Image de la semaine | 31/05/2021
Les racines, des agents d'altération chimique majeurs, Pénestin (Morbihan) et Colunga (Espagne)
31/05/2021
Résumé
Racines et oxydo-réduction : rappel du rôle de la vie dans l'altération chimique… depuis longtemps.
Ces couches rouges entaillées par un chemin se dirigeant vers la plage de Pénestin (au Sud du Morbihan) correspondent à des dépôts fluviaux-deltaïques déposés il y a quelques centaines de milliers d'années par les paléo-Loire et paléo-Vilaine. Les descriptions de ces terrains et de leur origine sont détaillées dans l'article de la semaine dernière Les sédiments pléistocènes de la paléo-Loire et leur discordance sur les micaschistes hercyniens, plage de la Mine d'or, Pénestin, Morbihan. Ce matériel détritique provient de l'érosion d'altérites rouges, voire de véritables cuirasses latéritiques qui s'étaient formées en France durant toute la première moitié du Cénozoïque. Les couleurs rouge et ocre sont dues à la présence de fer oxydé (Fe3+) diversement hydraté présent dans des hydroxydes ferriques (limonite, goethite…) et des argiles ferrugineuses. Ici, hydroxydes ferriques et argiles ferrugineuses sont détritiques et n'ont pas été formées in situ dans le profil. Les ions Fe3+ sont puissamment “colorants”, et quelques pourcents voire fractions de pourcent de fer oxydé suffisent pour colorer argiles, silts et sables. Les ions Fe2+ sont beaucoup moins “colorants” : ils donnent une teinte verdâtre s'ils sont abondants, et n'ont quasiment pas de couleur s'ils sont dilués. Il ne reste alors que la couleur grisâtre du sable et des argiles ? Aux pH et concentrations “standards” fréquents dans la nature, les ions Fe2+ sont solubles dans l'eau, alors que les ions Fe3+ sont insolubles et forment des hydroxydes. Les paléo-Loire et paléo-Vilaine n'ont pas déposé des sables et argiles rouges en “triant” des grains non colorés pour les disposer de façon à ce qu'ils constituent un cylindre ou un tube. Ces tubes sans Fe3+ ont dû être constitués d‘argiles et de sables normalement oxydés ; puis ce Fe3+ a été réduit le long de ce qui est devenu un tube, et, devenu Fe2+, a été lessivé ou dispersé du fait de sa solubilité par les eaux imbibant / circulant dans ces niveaux sableux perméables. La présence quasi systématique de racines dans ces tubes sans Fe3+ suggère fortement que la présence de ces racines est la cause directe ou indirecte de la réduction du fer oxydé.
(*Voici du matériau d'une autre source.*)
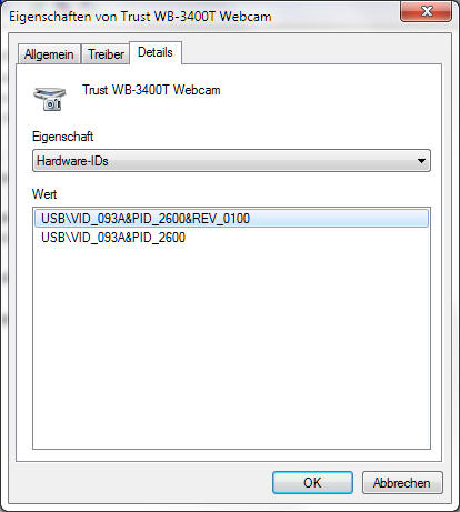 %USBPCamDesc% = SN.USBPCam,USB\VID_0c45&PID_607b ; SN9C102P + OV7660Die mitgelieferten Treiber erwarten ein anderen CMOS-Sensor und Hersteller

Plusieurs hypothèses sont possibles.
1/ Les racines elles-mêmes et les organismes associés (bactéries, filaments des mycorhizes…) sécrètent des substances organiques (glucides …). Ces substances organiques diffusent autour de la racine vivante et réduisent de façon purement chimique et abiotique le Fe3+ en Fe2+. C'est possible mais peu probable car les racines sont parcourues de tissus aérifères y apportant de l'oxygène. De plus, les racines de cette haie bretonne sont souvent des racines de genêts qui, comme toutes les racines de fabacées, contiennent de la léghémoglobine, protéine porteuse de dioxygène. Les environs immédiats d'une racine bien vivante ne constituent pas en général un environnement réducteur.
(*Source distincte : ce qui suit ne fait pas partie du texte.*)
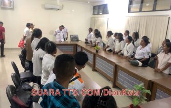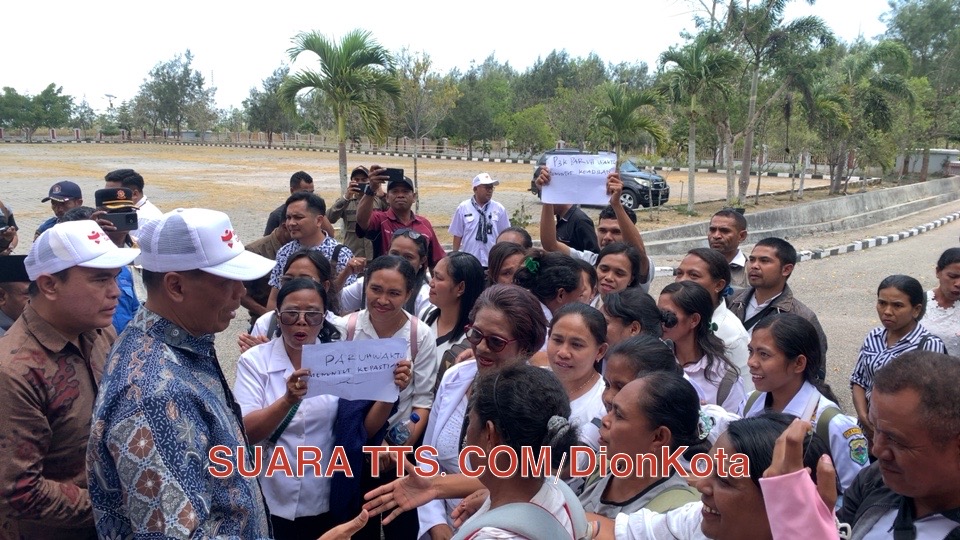 SUARA TTS. COM | SOE – Kedatangan Wakil Menteri Pendidikan Tinggi, Sains, dan Teknologi (Wamendiktisaintek) Fauzan di kantor bupati TTS, Rabu 8 Oktober 2025 disambut aksi demo para honorer yang tak diusulkan sebagai pegawai pemerintah dengan perjanjian kerja (P3K) paruh waktu oleh Pemda TTS. Sambil membentangkan baliho bertuliskan “paruh waktu menurut keadilan” para honorer tersebut berjuang untuk bisa bertemu dan beraudiensi dengan Bupati TTS, Eduard Markus Lioe yang tengah mendampingi Wamendiktisaintek.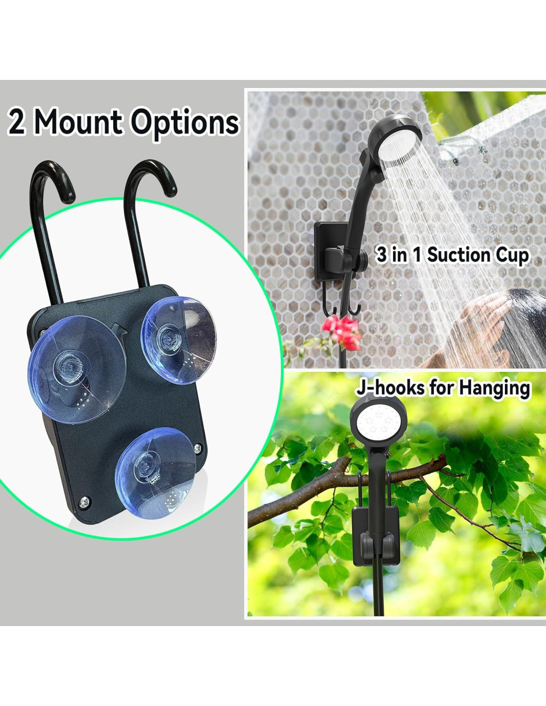 - 2 Opciones de Ducha: El kit de ducha exterior incluye un cabezal de ducha y un pulverizador de bidet, proporcionando opciones de limpieza versátiles para duchas interiores y exteriores, camping, senderismo, viajes a la playa, baño de perros y cuidado diario del jardín. El soporte de ducha versátil se puede montar en ventanas de automóviles y paredes lisas. También se puede colgar en postes de tiendas o ramas de árboles, permitiéndote disfrutar de una experiencia de ducha cómoda incluso durante tus aventuras al aire libre.

2/ Il y a beaucoup de matière organique autour des racines vivantes : substances organiques sécrétées (cf. ci-dessus), filaments de champignons ou radicelles et leurs poils absorbants morts, voire vivants… et bien sûr la racine elle-même. Tout cela constitue une source de nourriture potentielle pour des bactéries dès la mort de la racine. Mais si le milieu est pauvre en dioxygène (on est à plusieurs mètres sous la surface du sol), ces bactéries doivent soit pratiquer une fermentation, soit une respiration anaérobie. Les fermentations sont toujours possibles, mais sont énergétiquement peu efficaces. S'il y a dans le milieu un oxydant autre que le dioxygène, de nombreuses bactéries pratiquent une respiration anaérobie, qui fournit plus d'énergie (plus d'ATP par molécule de glucose). Or le Fe3+ est un oxydant. On peut écrire de façon simplifiée l'équation de cette oxydation de matière organique par un oxyde ferrique :
C (représente la matière organique) + 2 Fe2O3 (oxyde ferrique) → 4 FeO (oxyde ferreux soluble) + CO2 + énergie,
ou, de manière plus réaliste :
C6H1206 (glucose) + 12 Fe2O3 (oxyde ferrique) → 24 FeO (oxyde ferreux, soluble) + 6 CO2 + 6 H2O + énergie.
3/ Il n'est pas exclu théoriquement que des cellules des mycorhizes pratiquent elles aussi cette respiration anaérobie une fois les racines mortes. Des biologistes pourraient-ils nous signaler si cette respiration anaérobie est exclusive des bactéries ou si des cellules eucaryotes savent aussi la pratiquer ?
On a là une manifestation visible parce que “colorée” de l'action des êtres vivants (et en particulier des racines et de la rhizosphère) sur les transformations minéralogiques dans les sols, action des êtres vivants qui, même une fois morts, participent à tous les phénomènes regroupés sous le terme d'altération.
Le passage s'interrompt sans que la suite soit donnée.